Received 19 February 2008; accepted 30 May 2008. published online 09 June 2008.

Background & Aims: Infectious gastroenteritis (IGE) is known to exacerbate previously diagnosed inflammatory bowel disease (IBD). However, limited data are available describing a causal link between IGE and incident IBD. Methods: By using a medical encounter data repository of active duty military personnel, a study was conducted to assess IBD risk in subjects with an antecedent case of IGE. Results: Between 1999 and 2006, there were 3019 incident IBD cases and 11,646 matched controls who were evaluated in a conditional logistic regression model. To control for potential misclassification, IGE episodes within 6 months of IBD diagnosis were excluded as exposures. After adjusting for potential confounders, an episode of IGE increased the risk of IBD (odds ratio, 1.40; 95% confidence interval, 1.19–1.66). The risk was slightly higher for Crohn's disease compared with ulcerative colitis. In addition, there was an approximate 5-fold increase in IBD risk for persons with a previous irritable bowel syndrome diagnosis. Conclusions: These data support theories that the initiation of IBD is a multifactorial process that might include the disruption of normal gut homeostatic mechanisms. Further studies are warranted to evaluate the pathogen-specific risks, identify susceptible populations, and better understand the pathophysiologic relationship between IGE and IBD.

Abbreviations used in this paper: IBS, irritable bowel syndrome, ICD-9-CM, International Classification of Diseases 9th revision Clinical Modification, IGE, infectious gastroenteritis, OR, odds ratio

 

 This study was conducted under support of the Military Infectious Disease Research Program and Department of Defense Global Emerging Infections Surveillance and Response System funding.

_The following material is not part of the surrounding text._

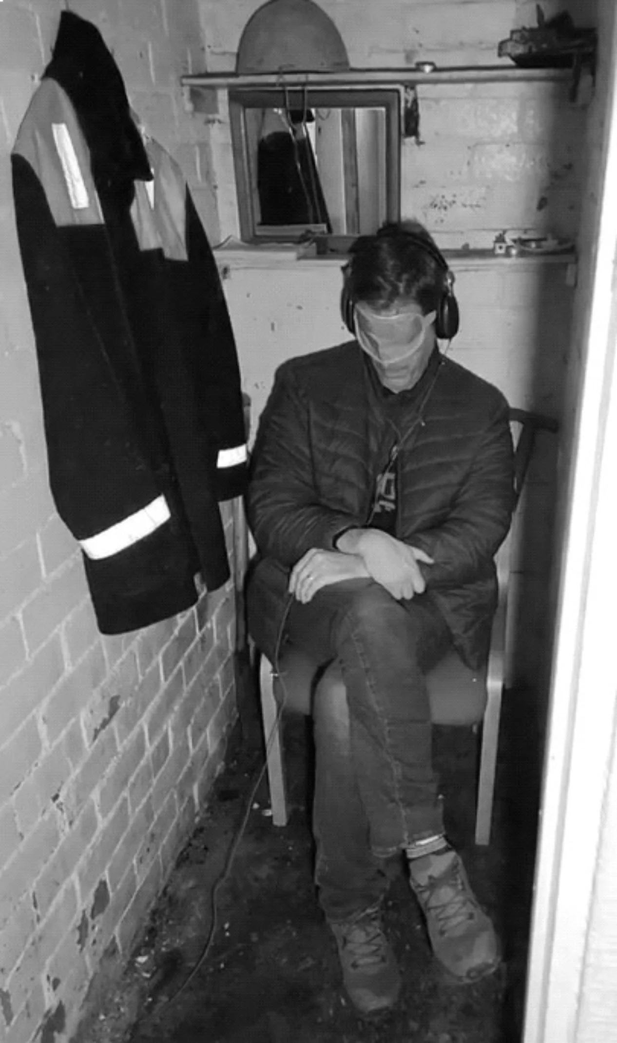 Chris Bader in the coal shed, Pontefract, England. The Retford Ghost Hunters asked him to conduct an experiment in the coal shed where the ‘black monk’ is supposed to attack, wearing headphones and blindfold. The group asked questions Chris couldn’t hear, and he was invited to shout out if either something touched him, or he heard a ‘response’ to their question.

 The opinions and assertions herein should not be construed as official or representing the views of the Department of the Navy, Department of the Army, the Department of Defense, or the US Government. This is a US Government work. There are no restrictions on its use. There were no financial conflicts of interests among any of the authors.

 Authors are employees of the US Government or military service members. This work was prepared as part of official duties. Title 17 U.S.C. §105 provides that “Copyright protection under this title is not available for any work of the United States Government.” Title 17 U.S.C. §101 defines a US Government work as a work prepared by a military service member or employee of the US Government as part of that person's official duties.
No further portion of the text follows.